The much-lamented general store had another area that was particularly attractive, she explained. “The Woolworths stationery counter was my favourite,” she recalls. “I would look for the right notebook and the right pen.”

Their colourful selection attracted her eye.

“When I got an emerald green book – not just the usual red or blue notebooks – I thought I could write a whole story as long as my favourite books with real characters and exciting adventures. I’d scrunch myself up in an armchair and my dad would have sports on the radio. I was in a world of my own – a storm could be going on around me, I would be oblivious to everything.”

Offering advice, she recommended planning the story you want to open in advance – “make a beginning, middle and end” – but not to hold yourself back trying to get everything right.

“Don’t worry if you start a story and don’t finish it,” she added. “Just jump in and write – and if you get fed up with it, don’t worry. Just start another one.”

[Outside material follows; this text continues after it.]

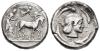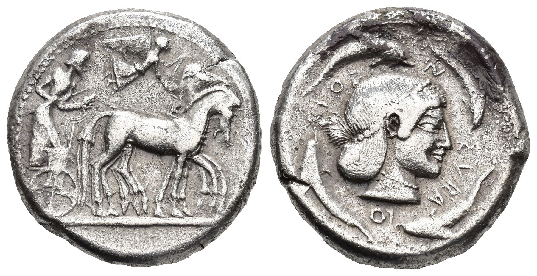 GRECIA ANTIGUA. SICILIA. Siracusa. Tetradracma (485-465 a.C.). A/ Biga a der., encima Niké. R/ Cabeza de Aretusa a der., alrededor delfines; SURAKOSION. AR 17,13 g. 24,3 mm. COP-620 ss.; SBG-913. Leves oxidaciones. MBC-/MBC. Escasa.

She explained that despite finishing her first novel aged 16, she worked a journalist for many years, writing short stories for the magazine, Jackie.

“Writers are not overnight successes and writing children’s books can be a hard struggle at first,” she admitted.

Her talent was such that the publishers, DC Thompson of Beano fame, eventually set up the Jacqueline Wilson magazine.

“It wasn’t about influencers or pop stars – it was about being creative, and it ran for 12 years,” she said. “Before I had my first book published I thought I would scratch a living writing for magazines.

“I would write 3,000 words each morning and I tried to make the stories as long as possible because I was being paid by the word.

“In the afternoons,I would turn to the novel I was writing.”

Today, it is a 5am start when her cat Jacob sits on her head and asks for his breakfast – and then it is back to bed for an hours undisturbed writing before her two dogs Molly and Jackson let her know it is time for a walk.